▶ [DIRECTIONS FOR THIS TASK]: For this exercise, write out only the lines of the entries below from the one with "M4x16 | 125kg. |" up to and including the one with "8 Pieces Outdoor", exactly as they are. Pictures stay out.

▶ [INPUT MATERIAL]:
□ □ □ □ □ □ □

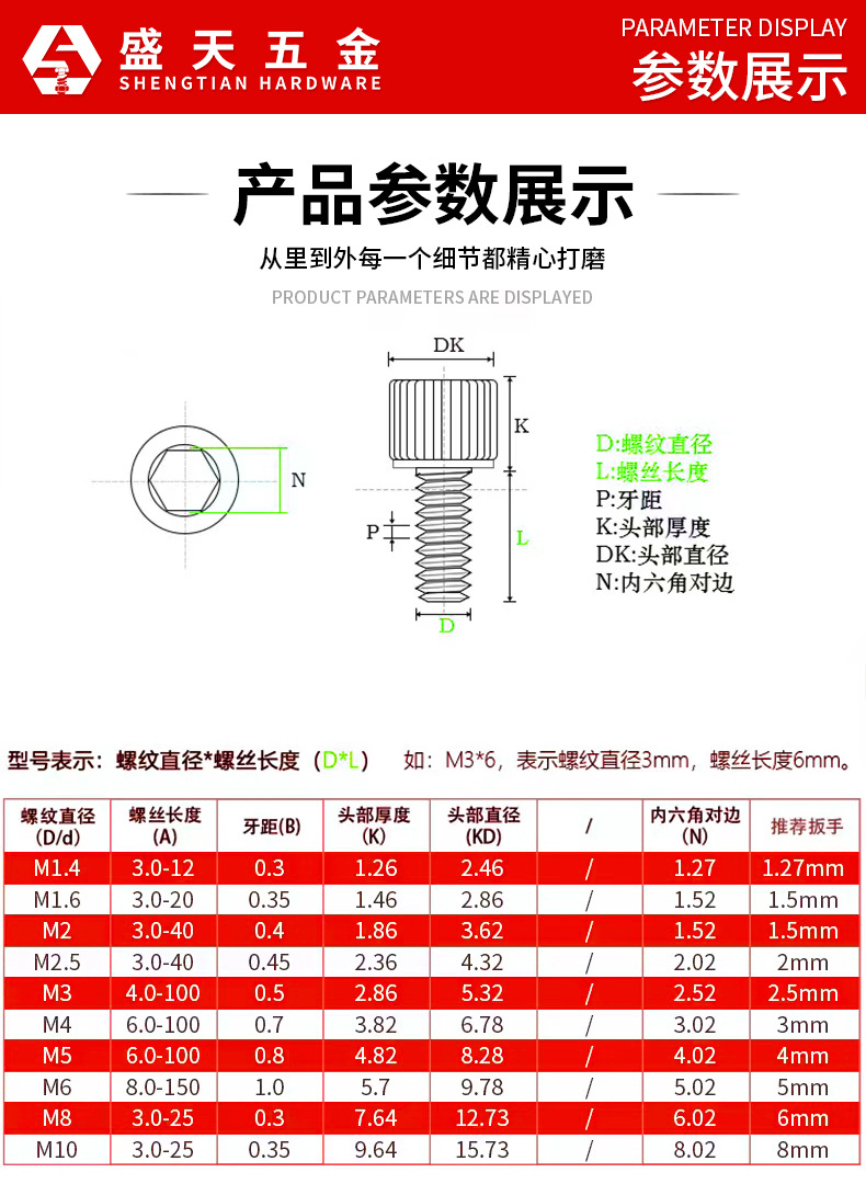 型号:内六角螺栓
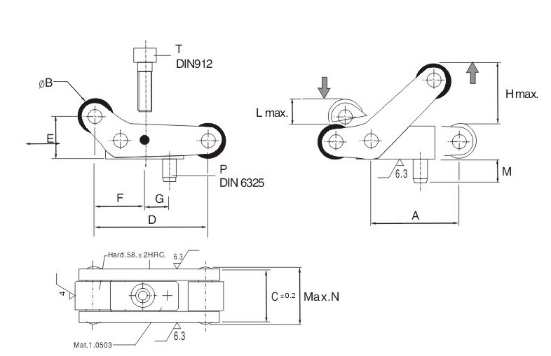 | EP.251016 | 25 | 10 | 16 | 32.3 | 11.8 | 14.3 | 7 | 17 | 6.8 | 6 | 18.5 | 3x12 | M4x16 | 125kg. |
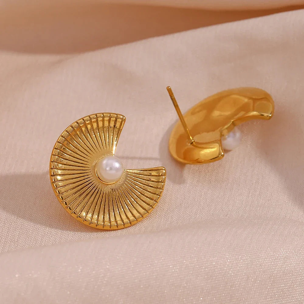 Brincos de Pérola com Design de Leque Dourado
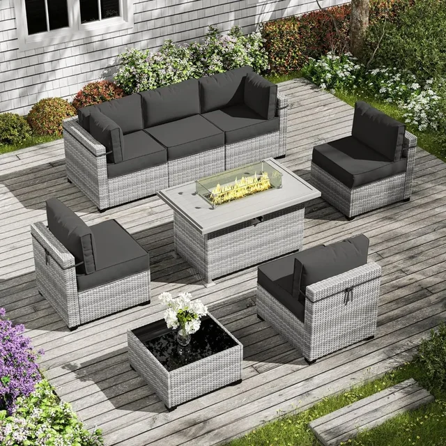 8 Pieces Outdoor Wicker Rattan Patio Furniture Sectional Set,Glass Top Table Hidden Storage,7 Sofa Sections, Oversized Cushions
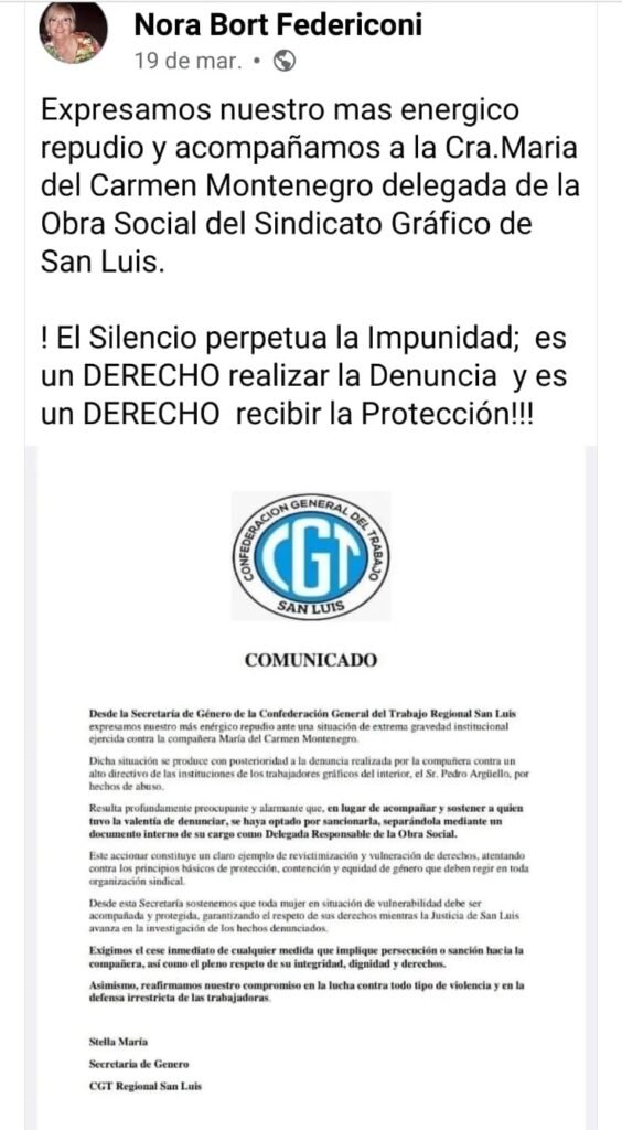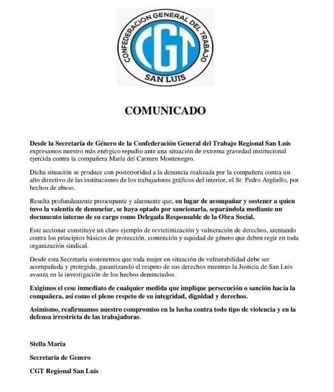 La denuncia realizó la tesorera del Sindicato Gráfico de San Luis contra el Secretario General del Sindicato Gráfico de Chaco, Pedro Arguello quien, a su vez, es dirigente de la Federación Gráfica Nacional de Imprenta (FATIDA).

□ □ □ □ □ □ □

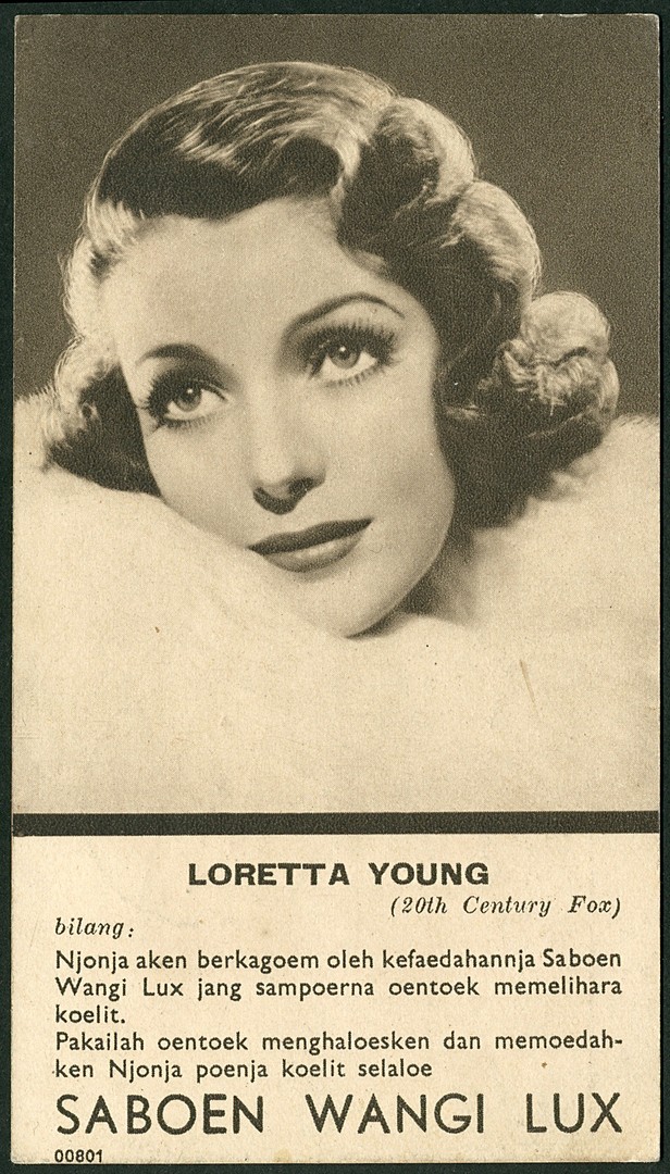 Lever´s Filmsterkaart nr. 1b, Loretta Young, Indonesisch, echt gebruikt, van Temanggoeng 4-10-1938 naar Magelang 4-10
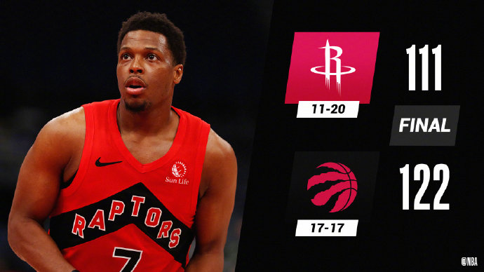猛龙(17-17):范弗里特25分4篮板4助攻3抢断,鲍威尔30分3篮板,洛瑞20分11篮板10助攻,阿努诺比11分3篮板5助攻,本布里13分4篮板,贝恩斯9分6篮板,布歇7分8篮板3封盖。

□ □ □ □ □ □ □

▶ [PROBLEM SOLUTION]:
 | EP.251016 | 25 | 10 | 16 | 32.3 | 11.8 | 14.3 | 7 | 17 | 6.8 | 6 | 18.5 | 3x12 | M4x16 | 125kg. |
 Brincos de Pérola com Design de Leque Dourado
 8 Pieces Outdoor Wicker Rattan Patio Furniture Sectional Set,Glass Top Table Hidden Storage,7 Sofa Sections, Oversized Cushions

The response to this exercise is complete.